Grutto - Hans Pietersma
De sterke afname van de biodiversiteit vraagt om actie van betrokken burgers. Die moeten zelf het voortouw nemen en pressie uitoefenen op de politiek.

Verbeter de wereld, begin bij jezelf. Het is een oud motto dat nieuw leven moet worden ingeblazen. Wat de afname van de biodiversiteit in Friesland betreft, is het nu de tijd dat mensen zich roeren, vinden directeur Henk de Vries van It Fryske Gea en programmaleider Arnoud de

Vries van de Friese Milieu Federatie. De provincie werkt momenteel aan de Natuurvisie waarin het beleid voor de komende jaren wordt vastgelegd. Arnoud de Vries: “Nu worden de keuzes gemaakt, dus dit is het moment dat de burgers zich moeten laten horen’’.

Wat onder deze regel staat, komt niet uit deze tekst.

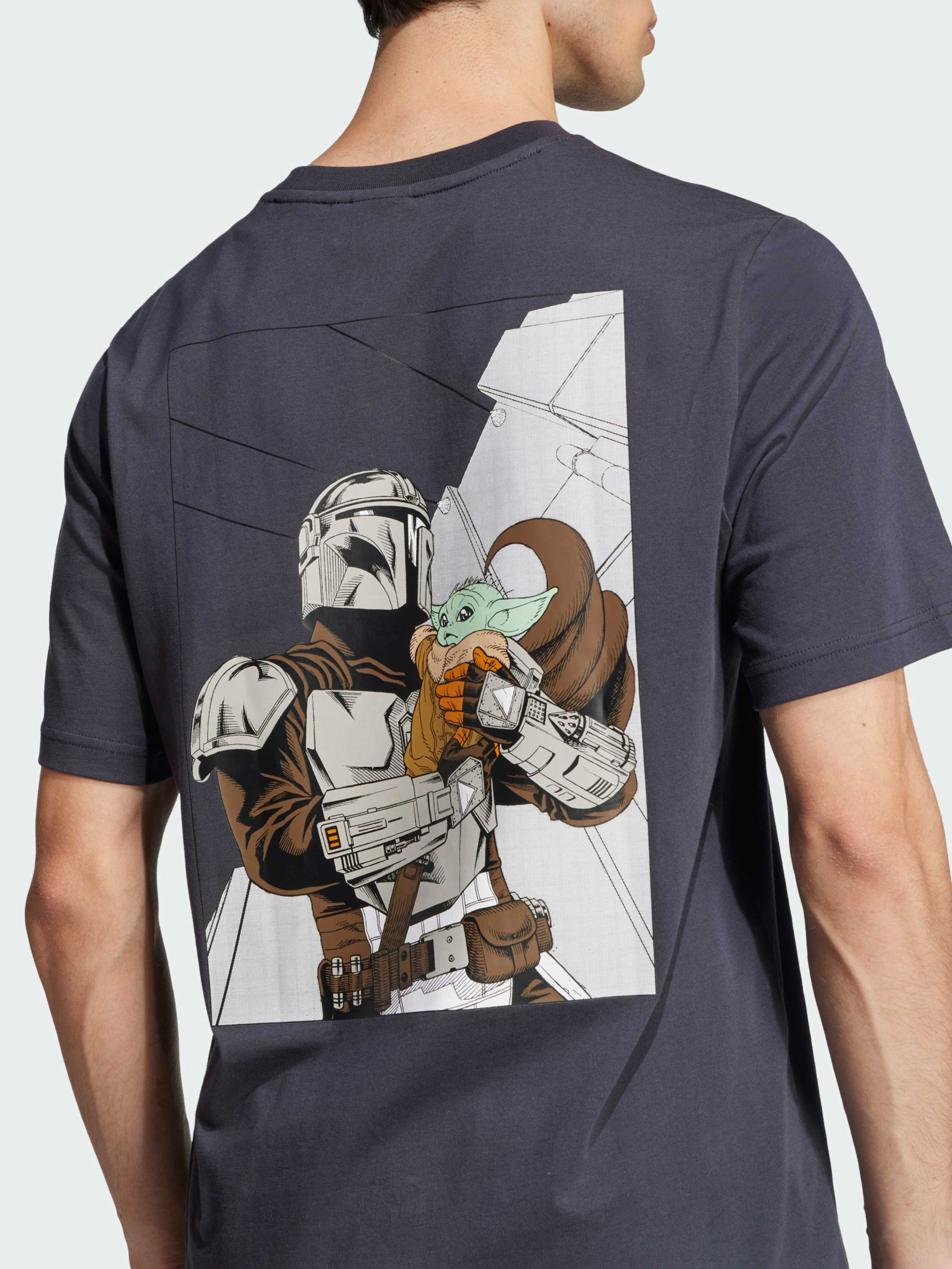 Характеристики 100% бавовна Графіка The Mandalorian™ на спині © і ™ Lucasfilm Ltd. Всі права захищені Рифлений круглий виріз горловини Стандартний крій Опис Стань частиною епічної історії Star Wars™ у цій футболці adidas. У м'якій бавовняній тканині тобі буде комфортно, коли ти досліджуєш космічні простори або відпочиваєш удома. Графіка на спині зображує Мандалорця™ та улюбленого персонажа Грогу, готових до нових пригод. Йде розмір в розмір. Ми радимо замовити цю модель в твоєму звичайному розмірі.
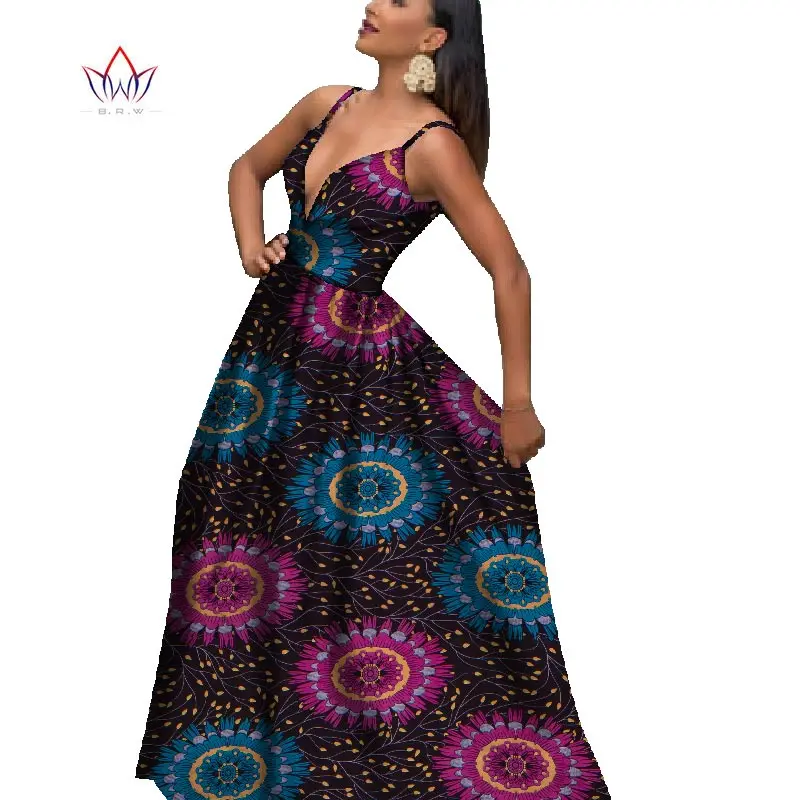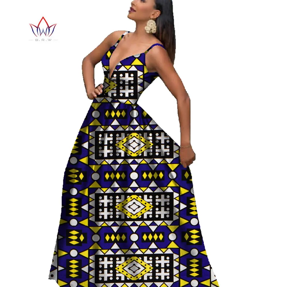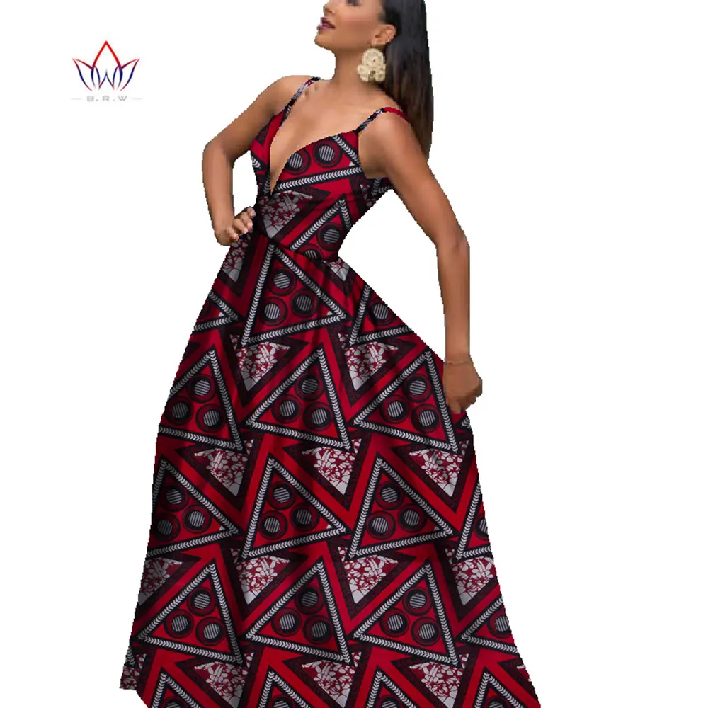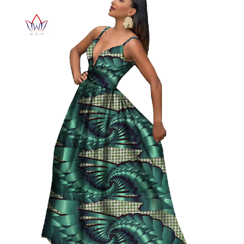 BRW африканские платья для женщин глубокий v-образный вырез без рукавов длинное вечернее сексуальное платье Bazin Riche Большие размеры африканская одежда 6XL WY799
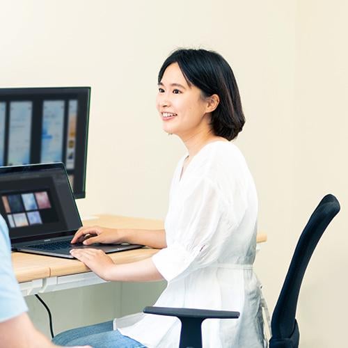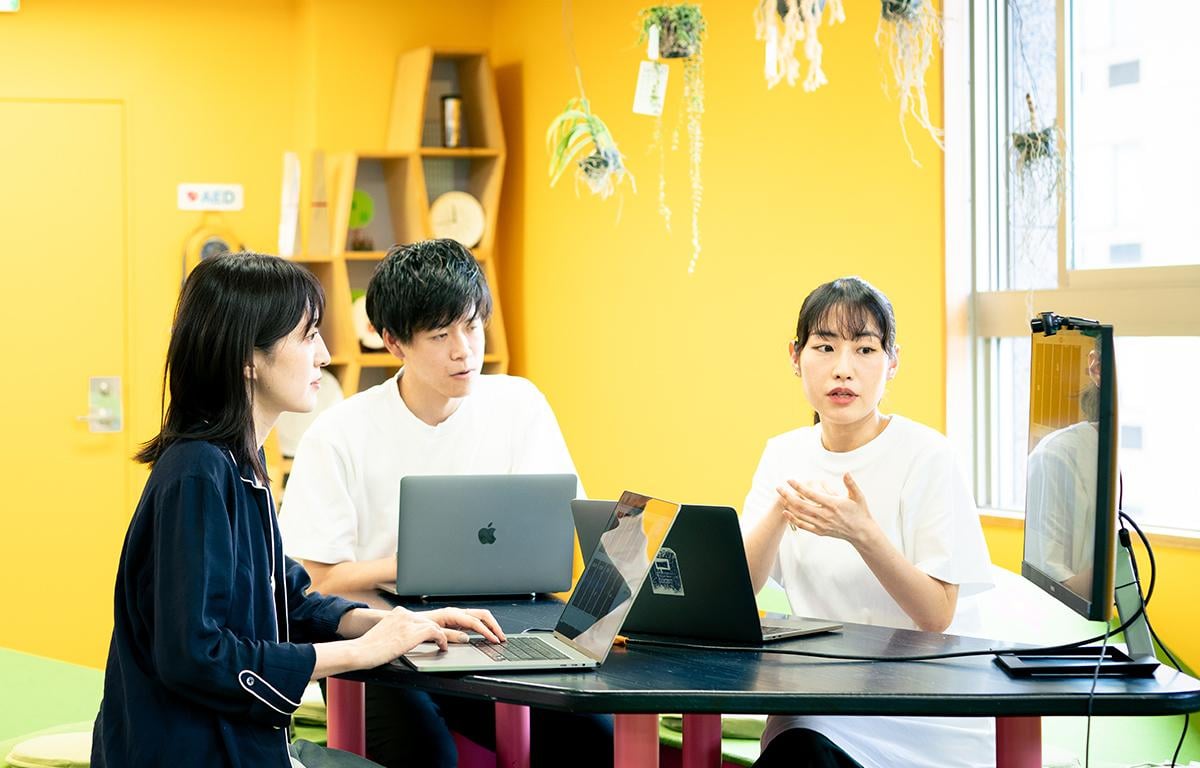 各専門チームに分かれて、UI/UXデザインや、自社のアート作品の制作を行います。チームメンバーと意見を出し合いながら、課題や実業務の制作、ブラッシュアップを行っていきます。
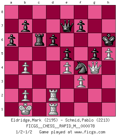 Last move : 1/2-1/2 2015 July 2 16:46:12 [Event "FICGS__CHESS__RAPID_M__000078"] [Site "FICGS"] [Date "2015.03.15"] [Round "1"] [White "Eldridge,Mark"] [Black "Schmid,Pablo"] [Result "1/2-1/2"] [WhiteElo "2195"] [BlackElo "2213"] 1.e4 c5 2.Nf3 d6 3.d4 cxd4 4.Nxd4 Nf6 5.Nc3 g6 6.Be3 Bg7 7.f3 O-O 8.Qd2 Nc6 9.Bc4 Bd7 10.O-O-O Rb8 11.Bb3 Na5 12.Bh6 Bxh6 13.Qxh6 e5 14.Ndb5 Nxb3+ 15.axb3 Bxb5 16.Nxb5 Qa5 17.Na3 Rbd8 18.Qd2 Qa6 19.c4 Qb6 20.Qc3 Rd7 21.Rd2 a6 22.Rhd1 Rc8 23.Kb1 Qd8 24.Qe3 Kg7 25.g4 h5 26.gxh5 Nxh5 27.c5 Rxc5 28.Nc4 R5c7 29.Nb6 Nf4 30.Nxd7 Rxd7 31.Qg1 Qf6 32.Qg4 Qe7 33.h4 Kh6 34.Rh1 Ne6 35.Rg1 Rc7 36.h5 g5 37.Rgd1 Rc6 38.b4 Qd8 39.Rd3 Qe7 40.Qf5 Nf4 41.R3d2 Ne6 42.Qh3 Nf4 43.Qg4 1/2-1/2 Sicilian : Dragon, Yugoslav attack, 7...O-O Kingside Castling by player Black (move 7) Queenside Castling by player White (move 10) This chess game ended in a draw. Follow this game move after move (download)Capture of the adverse King is the ultimate but not the first object of the game. (William Steinitz) Schach sollte überall auf der Welt Schulfach werden. Es fördert die geistige Auseinandersetzung. Es lehrt die Demut in der Niederlage. (Garry Kasparov) En el Ajedrez, cuando menos, el valiente hereda la tierra. (Edmar Mednis) Un journaliste : 'Vous préférez avoir une dame de plus sur l'échiquier ou au lit ?' Boris Spassky : 'Ca dépend de la position.' God is an atheist. (Unknown)
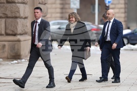 София (18 февруари 2025) Президентът свиква в президентската институция заседание на Консултативния съвет за национална сигурност (КСНС) на тема „Рискове и заплахи пред националната сигурност, произтичащи от разпространението на наркотични и упойващи вещества сред подрастващото поколение и злоупотребата с тях“. Участниците в заседанието влизат в сградата на президентство. На снимката: председателят на Народното събрание Наталия Киселова.
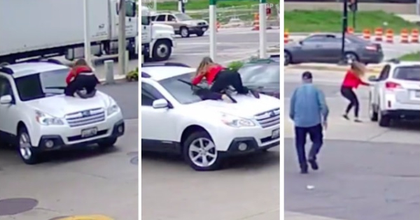 Хит видео: Жена скокна на хауба за да спречи кражба на нејзиниот автомобил, наиде на многу реакции
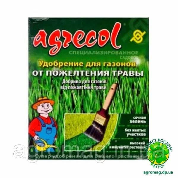 Добриво «Agrecol - швидкий килимовий ефект - Комплексне добриво з підвищеним вмістом азоту (N) 34%, призначене для газонов.Состав: Азот (N) - 34%. застосовують для інтенсивно поливних і часто скошуваних газонів, через такий інтенсивної експлуатації і видалення скошеної трави з поверхні газонів, бракує азоту, потрібного для відтворення м'якоті тканин. Це проявляється через втрату кольору трави та її підвищену порідіння. Щоб подібне запобігти, рекомендуємо використання добрива для газонів швидкий килимовий ефект із серії сипучих добрив «Agrecol».
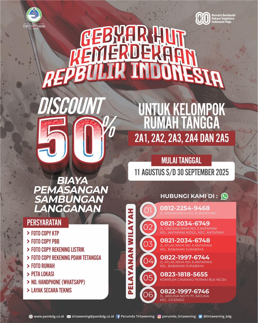 Rayakan semangat kemerdekaan bersama Perumda Tirtawening! 💧 Dapatkan DISKON 50% biaya pemasangan sambungan langganan khusus untuk kelompok Rumah Tangga (2A1, 2A2, 2A3, 2A4, dan 2A5) 🎉
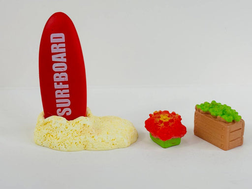 Wonderland set of 3- Miniature Beach Vacation Set - Surfboard, Planter Box, and Coral/Plant Accessory for Dollhouse, Terrarium, or Crafting
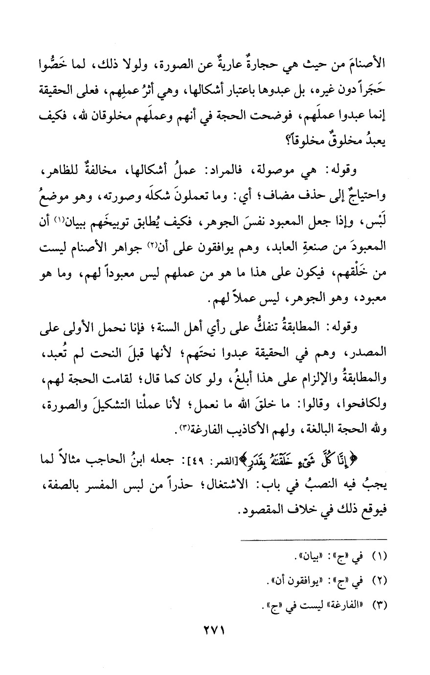 وقوله: المطابقةُ تنفكُّ على رأي أهل السنة؛ فإنا نحمل الأولى على المصدر، وهم في الحقيقة عبدوا نحتَهم؛ لأنها قبلَ النحت لم تُعبد، والمطابقةُ والإلزام على هذا أبلغُ، ولو كان كما قال؛ لقامت الحجة لهم، ولكافحوا، وقالوا: ما خلقَ الله ما نعمل؛ لأنا عملْنا التشكيلَ والصورة، ولله الحجة البالغة، ولهم الأكاذيب الفارغة (¬3).

De man van de milieufederatie weet dat de achteruitgang van de biodiversiteit al lange tijd speelt. “Maar ik heb de indruk dat het de laatste jaren in veel hoger tempo afneemt. Progressiever. De natuur gaat nu echt heel hard achteruit. Het is echt goed te merken hoe stil het eigenlijk in het buitengebied is.’’ De oorzaak is duidelijk. Kijk naar het grasland dat steeds intensiever wordt gebruikt. Voor veel diersoorten is geen voedsel meer te vinden. De situatie baart zorgen. Over landschap en biodiversiteit, ons gemeenschappelijke bezit. Henk de Vries: “Us, de mienskip, wurdt wat ôfpakt foar, siz mar, ‘de ekonomy’.’’ De directeur van It Fryske Gea noemt een voorbeeld dat de huidige tegenstellingen duidelijk maakt: een recente bijenactie van Greenpeace en supermarkten, waarbij de winkels kiezen voor insectenvriendelijker producten. Landbouworganisatie LTO ging in een reactie direct in het offensief met de boodschap dat Nederland koploper is met producten zonder schadelijke stoffen voor insecten. De Vries: “Dan tink ik: dan is de aksje goed nijs foar de ferkeap fan dizze Nederlânske lanbouprodukten. Mar nee, de LTO is lilk’’. Omdat er sprake zal zijn van concurrentienadeel. “En gjin wurd oer it belangryk finen fan it miljeufreonlik produsearjen. It giet allinnich oer de prioriteit foar de koarte termyn: jild fertsjinje.’’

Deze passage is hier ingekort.